═════ RECORD EXTRACTS ═════
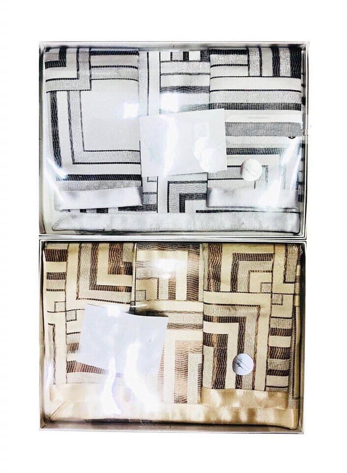 Tris di centrini composto da un centro grande 40x70cm e due centrini più piccoli 30x40cm. Realizzati con materiale di alta qualità. Questo Tris di centro ha una fantasia moderna per venire incontro alle esigenze, in particolare, dei più giovani.
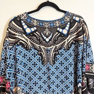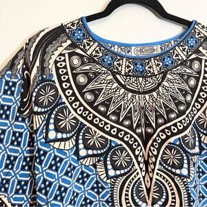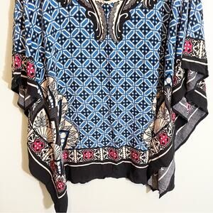 Flying Tomato Women's Blue Rayon Paisley Print Pullover Poncho Top Size Large
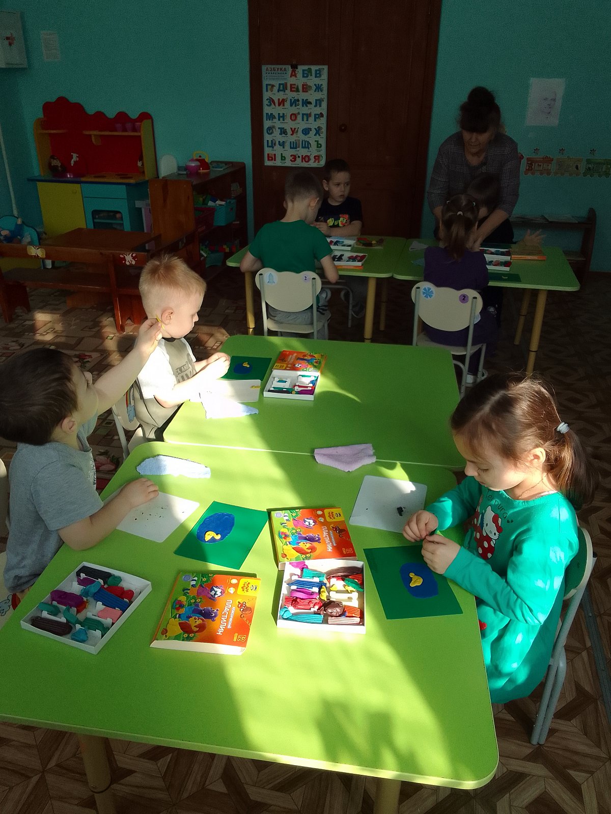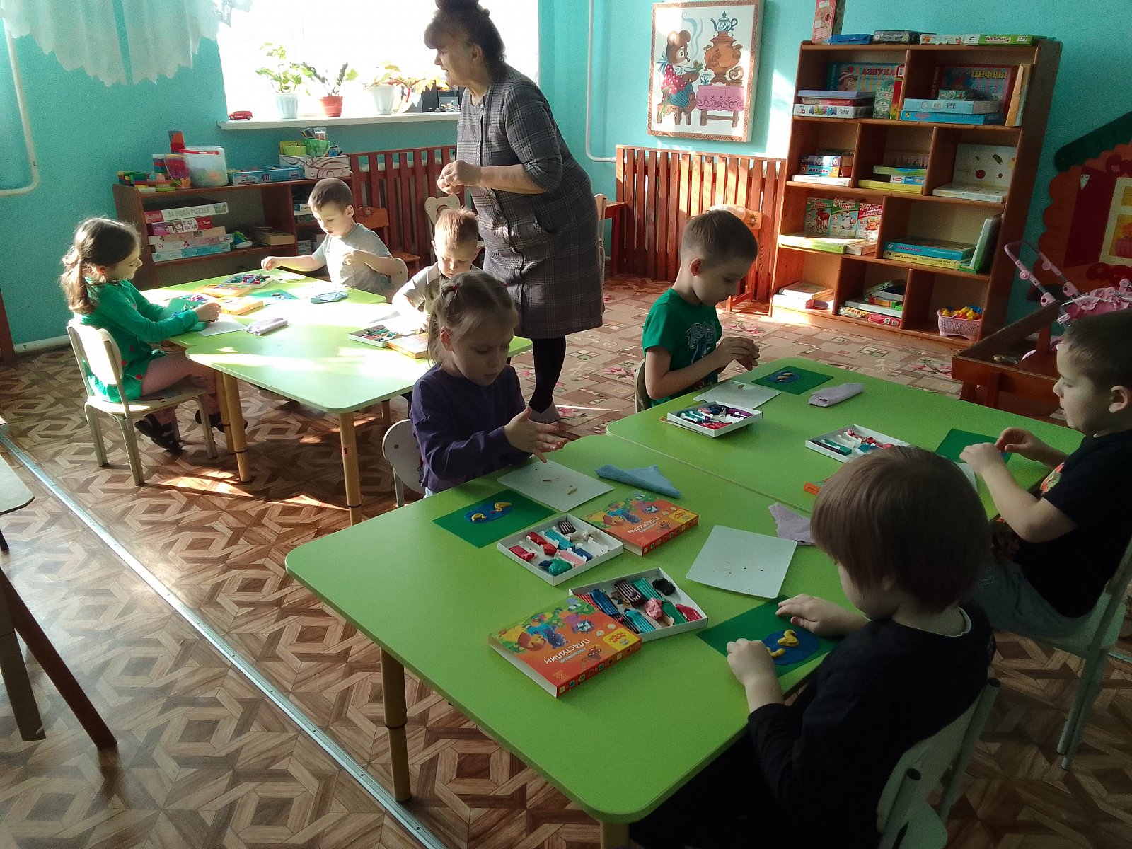 И сегодня на кружке Пластилинография дети успешно справились с созданием композиции "Утята в пруду"
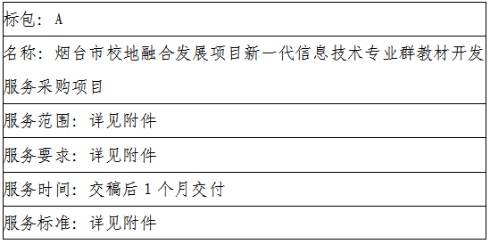 二、项目名称:烟台市校地融合发展项目新一代信息技术专业群教材开发服务采购项目
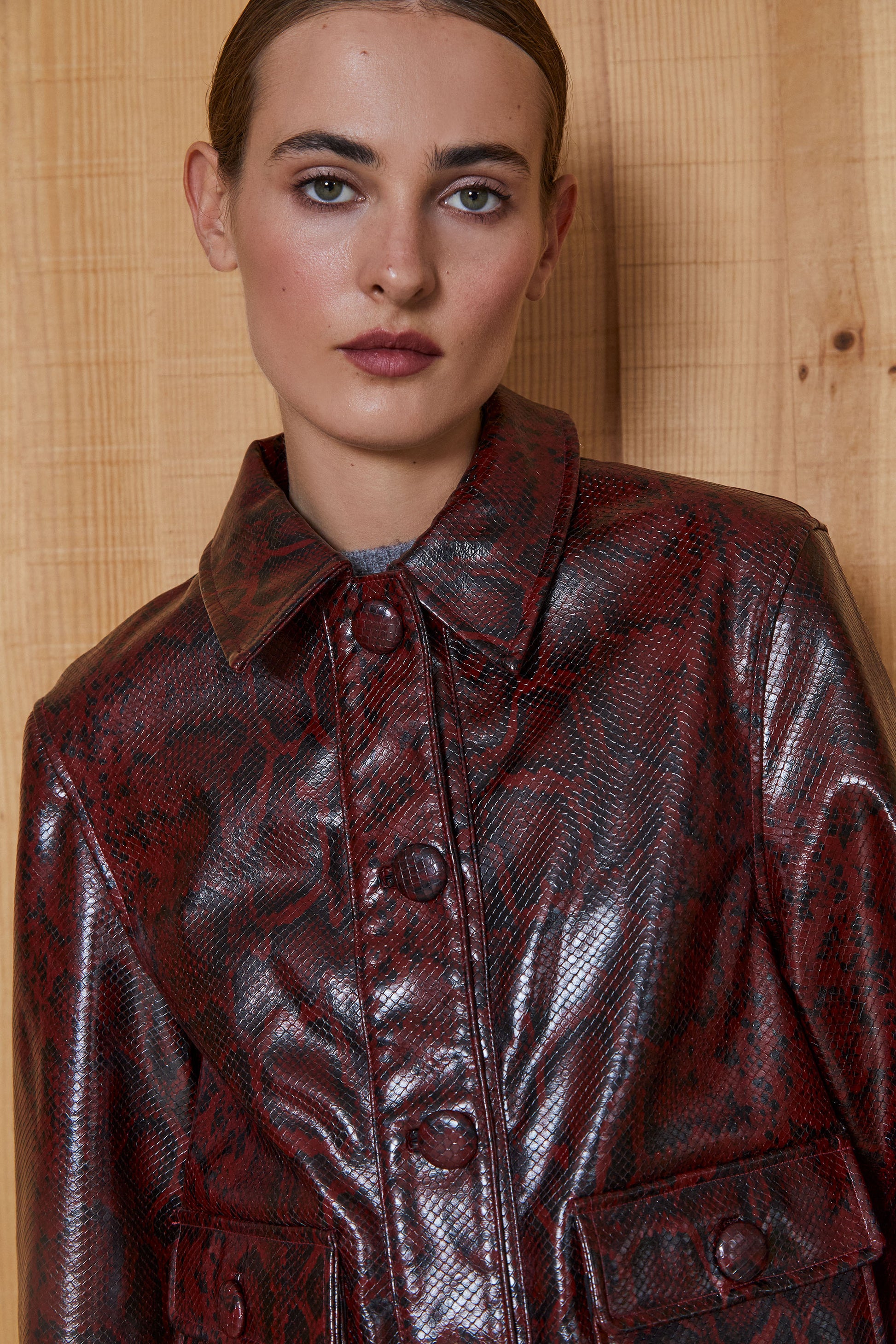 El modelo IRINA se trata de una chaqueta corta en PU, efecto piel de serpiente en color granate.
═════
WHAT TO DO
Repeat exactly the lines from the one containing "二、项目名称:烟台市校地融合发展项目新一代信息技术专业群教材开发服务采购项目" through the last line of the records above, both included, and leave out the pictures.

WRITTEN RESPONSE
 二、项目名称:烟台市校地融合发展项目新一代信息技术专业群教材开发服务采购项目
 El modelo IRINA se trata de una chaqueta corta en PU, efecto piel de serpiente en color granate.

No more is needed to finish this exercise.